## [PROBLEM DETAILS]
Pictures must be dropped from the copy of the entries below; all else is returned exactly.

◇ ◇ ◇ ◇ ◇

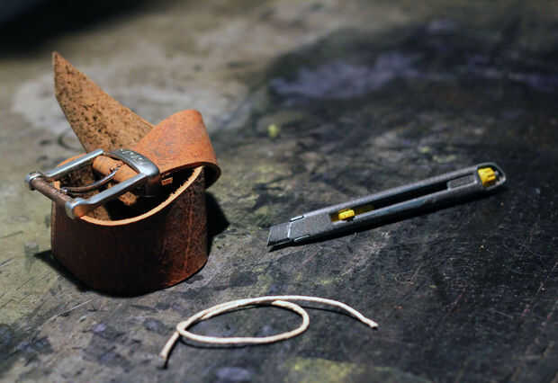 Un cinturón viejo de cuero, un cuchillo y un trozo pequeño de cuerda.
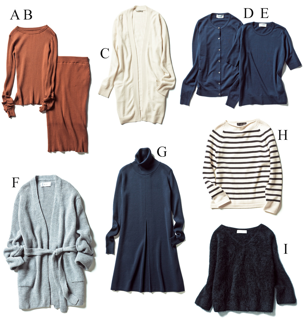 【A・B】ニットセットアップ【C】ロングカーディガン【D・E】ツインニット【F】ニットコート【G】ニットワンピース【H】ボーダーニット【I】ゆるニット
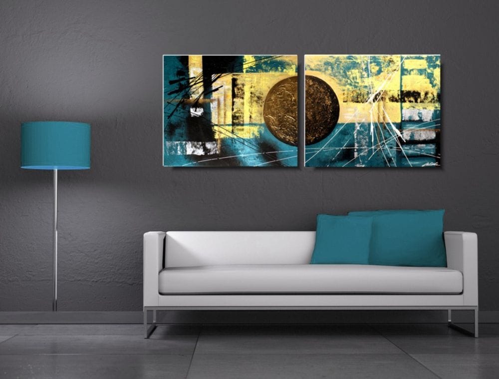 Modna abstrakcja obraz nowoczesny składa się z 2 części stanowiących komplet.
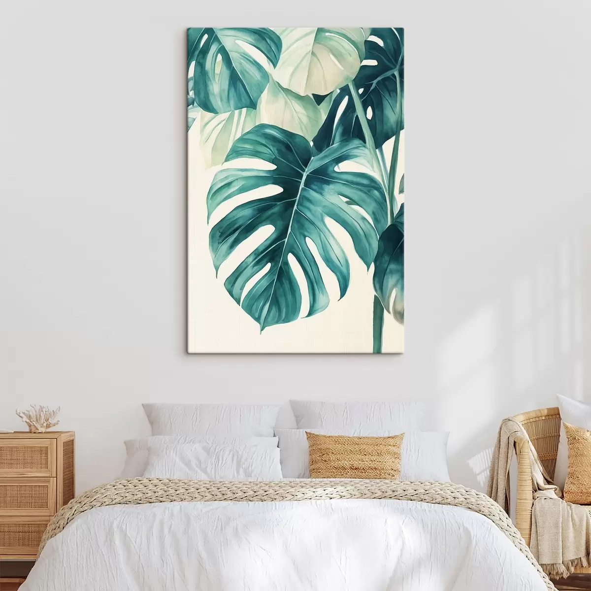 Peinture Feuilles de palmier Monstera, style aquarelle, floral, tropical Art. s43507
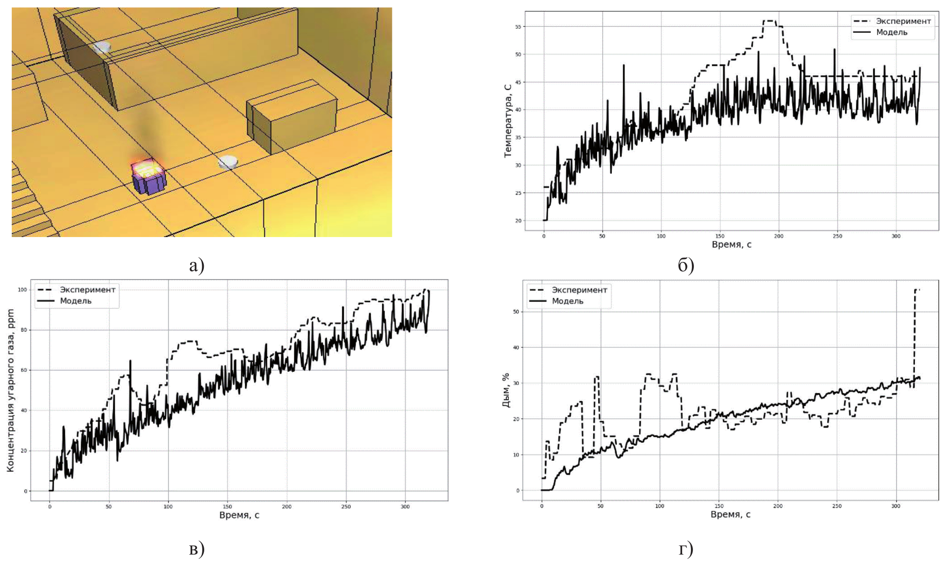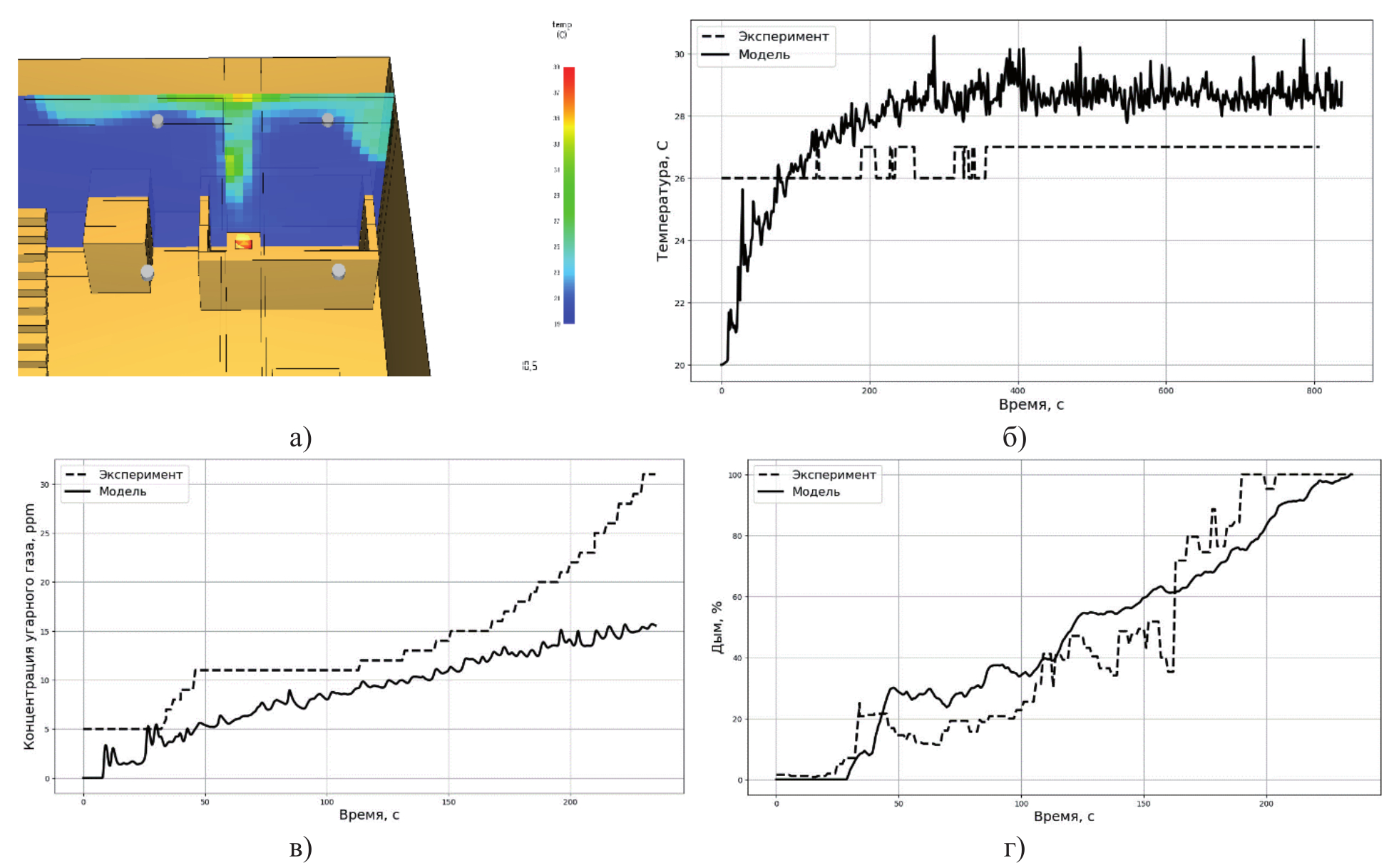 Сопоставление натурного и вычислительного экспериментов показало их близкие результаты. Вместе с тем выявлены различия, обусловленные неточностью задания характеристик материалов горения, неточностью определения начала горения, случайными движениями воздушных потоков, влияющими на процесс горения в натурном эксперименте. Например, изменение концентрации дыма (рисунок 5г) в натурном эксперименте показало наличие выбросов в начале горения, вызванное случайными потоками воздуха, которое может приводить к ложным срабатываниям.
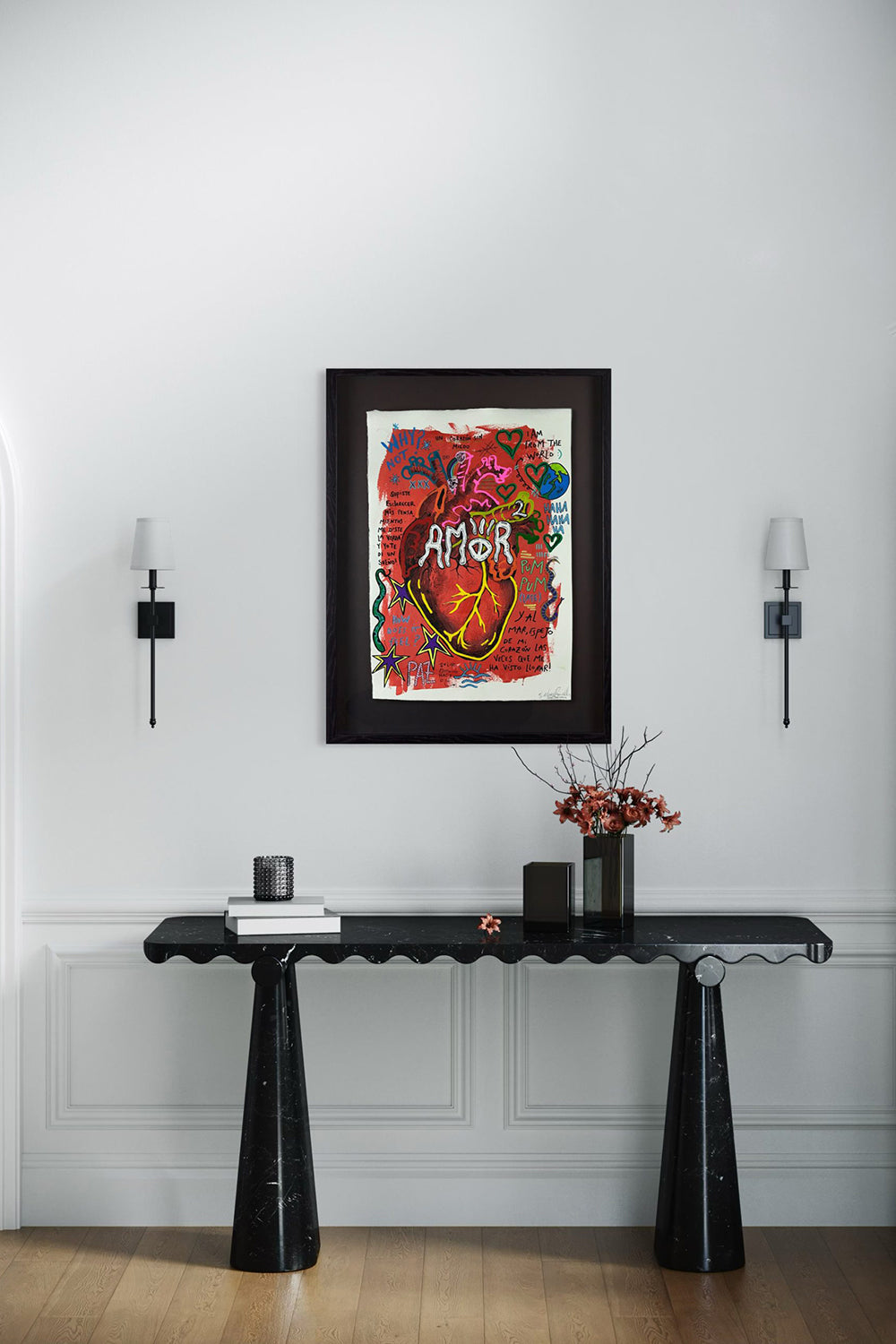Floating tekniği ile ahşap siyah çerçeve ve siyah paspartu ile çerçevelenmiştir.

◇ ◇ ◇ ◇ ◇

## [OUTPUT FOR THIS TASK]
 Un cinturón viejo de cuero, un cuchillo y un trozo pequeño de cuerda.
 【A・B】ニットセットアップ【C】ロングカーディガン【D・E】ツインニット【F】ニットコート【G】ニットワンピース【H】ボーダーニット【I】ゆるニット
 Modna abstrakcja obraz nowoczesny składa się z 2 części stanowiących komplet.
 Peinture Feuilles de palmier Monstera, style aquarelle, floral, tropical Art. s43507
 Сопоставление натурного и вычислительного экспериментов показало их близкие результаты. Вместе с тем выявлены различия, обусловленные неточностью задания характеристик материалов горения, неточностью определения начала горения, случайными движениями воздушных потоков, влияющими на процесс горения в натурном эксперименте. Например, изменение концентрации дыма (рисунок 5г) в натурном эксперименте показало наличие выбросов в начале горения, вызванное случайными потоками воздуха, которое может приводить к ложным срабатываниям.
Floating tekniği ile ahşap siyah çerçeve ve siyah paspartu ile çerçevelenmiştir.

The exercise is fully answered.